Die Technik laufe in weiten Teilen im Eco-Betrieb auf 50 bis 60 Prozent weiter. Und die Wassertemperatur der einzelnen Becken werde bei 20 bis 23 Grad gehalten. Der Beckenkörper im Keller dürfe sich nicht zu sehr auskühlen. In diesem Temperaturbereich könnte man Setzrisse verhindern.

Lockdown wirkt sich auf Arbeit der Azubis aus

Der Lockdown wirke sich auch besonders auf die drei Auszubildenden aus, so Spille. Corona erschwere den Markt und die Zahl der Bewerber gehe zurück. „Von fünf Plätzen haben wir drei belegt. Ein Auszubildender beendet im Sommer seine Ausbildung zur Fachkraft für Bäderbetriebe“, erzählt Klaus Spille.

„Unser Auszubildender, der im Januar seine Ausbildung abgeschlossen hat, wechselte nahtlos in ein Arbeitsverhältnis bei uns“, freut sich Astrid Renko-Bröcher aus der Verwaltung.


Natürlich könne man derzeit nicht alle Ausbildungsinhalte übermitteln, so Klaus Spille. „Die Öffentlichkeitsarbeit, die Kontakte zu den Menschen, das Überwachen des Badebetriebs und die Kursangebote fallen vollständig weg“, vertieft Astrid Renko-Bröcher.

Mehr Schwerpunkte auf technische Inhalte

Dafür könne man auf gewisse Inhalte spezifischer eingehen, die sonst etwas zu kurz kämen. Hierzu zählten etwa technische Belange. Derzeit erneuern zwei Techniker und die Auszubildenden die Textilsauna, die bis zu 190.000 jährlichen Besuchern zugänglich ist.

„Die Ruhebänke sind verschlissen. Zudem werden die Fugen erneuert und ein Bodenabfluss angebracht. Da packen unsere Lehrlinge natürlich mit an“, so Klaus Spille. Zudem nutzte man die Zeit für weitere Wartungsarbeiten. „Wir erneuern die Fliesen im Whirlpool“. Auch an der Rutsche, dem Zugang und dem Landebecken wurde in den vergangenen Wochen gearbeitet.

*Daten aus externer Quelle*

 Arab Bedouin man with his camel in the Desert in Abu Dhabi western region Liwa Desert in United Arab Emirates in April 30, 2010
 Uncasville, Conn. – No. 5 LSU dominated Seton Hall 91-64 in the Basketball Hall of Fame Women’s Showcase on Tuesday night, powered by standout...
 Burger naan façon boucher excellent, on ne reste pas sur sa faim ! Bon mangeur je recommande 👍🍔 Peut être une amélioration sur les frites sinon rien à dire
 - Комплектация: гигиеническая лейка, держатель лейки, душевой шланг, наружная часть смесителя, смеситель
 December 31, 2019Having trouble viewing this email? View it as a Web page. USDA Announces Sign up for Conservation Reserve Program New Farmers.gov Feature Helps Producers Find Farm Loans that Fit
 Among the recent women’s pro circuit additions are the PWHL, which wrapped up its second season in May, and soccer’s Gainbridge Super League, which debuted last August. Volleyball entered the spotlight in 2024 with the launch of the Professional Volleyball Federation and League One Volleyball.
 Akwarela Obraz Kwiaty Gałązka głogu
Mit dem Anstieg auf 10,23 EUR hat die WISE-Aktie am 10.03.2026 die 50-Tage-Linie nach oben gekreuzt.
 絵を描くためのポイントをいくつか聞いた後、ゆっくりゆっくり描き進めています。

Berufsschule findet an zwei Tagen pro Woche von zu Hause aus statt. Außerdem nutze man die Zeit, um gewisse Inhalte noch einmal vor Ort zu vertiefen. „So viel Zeit dafür hätten wir im Regelbetrieb nicht“, so Klaus Spille.

Freizeitbad seit November geschlossen

Für Besucher ist die Bade- und Saunalandschaft des Freizeitbades Olpe seit dem 2. November geschlossen. Auch Kursangebote sind seither gestrichen. „Wo sich sonst die Kinder beim Schulschwimmen tummeln, hört man jetzt das Wasser plätschern“, so Klaus Spille.

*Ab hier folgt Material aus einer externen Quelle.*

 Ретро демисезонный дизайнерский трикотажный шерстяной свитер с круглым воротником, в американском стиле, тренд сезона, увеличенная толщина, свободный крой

Etwa 30 Mitarbeiter befinden sich in Kurzarbeit. Zahlreiche Aushilfskräfte können ihre Arbeit nicht ausführen. Und die Kosten? „Die laufen weiter. Die staatlichen Förderungen sind nur ein Tropfen auf den heißen Stein“, erklärt Betriebsleiter Spille. Wann es weitergehen könnte, ist offen: Wir rechnen nicht damit, dass wir die Ersten sind, die den Betrieb wieder aufnehmen dürfen“, so Astrid Renko-Bröcher. Und weiter: „Es wird Zeit, dass es sich hier wieder mit Leben füllt!“

Teilöffnung nicht wirtschaftlich

Und wenn es soweit sei, bedürfe es einer etwa einwöchigen Vorlaufzeit. Dann warte der Generalputz und die Mitarbeiter müssten aus der Kurzarbeit geholt werden.

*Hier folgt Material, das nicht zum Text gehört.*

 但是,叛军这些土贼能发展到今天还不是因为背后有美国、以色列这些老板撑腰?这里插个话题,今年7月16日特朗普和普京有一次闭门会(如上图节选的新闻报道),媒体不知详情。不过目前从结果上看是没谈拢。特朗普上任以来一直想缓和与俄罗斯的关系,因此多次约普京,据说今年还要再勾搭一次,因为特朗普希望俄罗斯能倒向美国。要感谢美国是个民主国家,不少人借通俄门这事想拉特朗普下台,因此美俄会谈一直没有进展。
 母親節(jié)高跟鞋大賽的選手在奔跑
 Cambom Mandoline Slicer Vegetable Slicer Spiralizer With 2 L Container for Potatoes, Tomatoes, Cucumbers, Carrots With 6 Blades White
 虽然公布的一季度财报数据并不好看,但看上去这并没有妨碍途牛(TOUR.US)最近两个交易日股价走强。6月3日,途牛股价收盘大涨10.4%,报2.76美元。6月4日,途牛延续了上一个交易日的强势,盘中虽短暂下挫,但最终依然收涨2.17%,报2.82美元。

Eine Teilöffnung können sich Astrid Renko-Bröcher und Klaus Spille nicht vorstellen. „Der Kosten-Nutzen-Faktor ist dann trotz hohem Personalaufwand überschaubar. Hinzu kommt, dass die Badegäste dann unzufrieden sind, weil gewisse Bereiche wie Rutschen oder der Whirlpool, gesperrt bleiben müssten“, so das Verwaltungspersonal.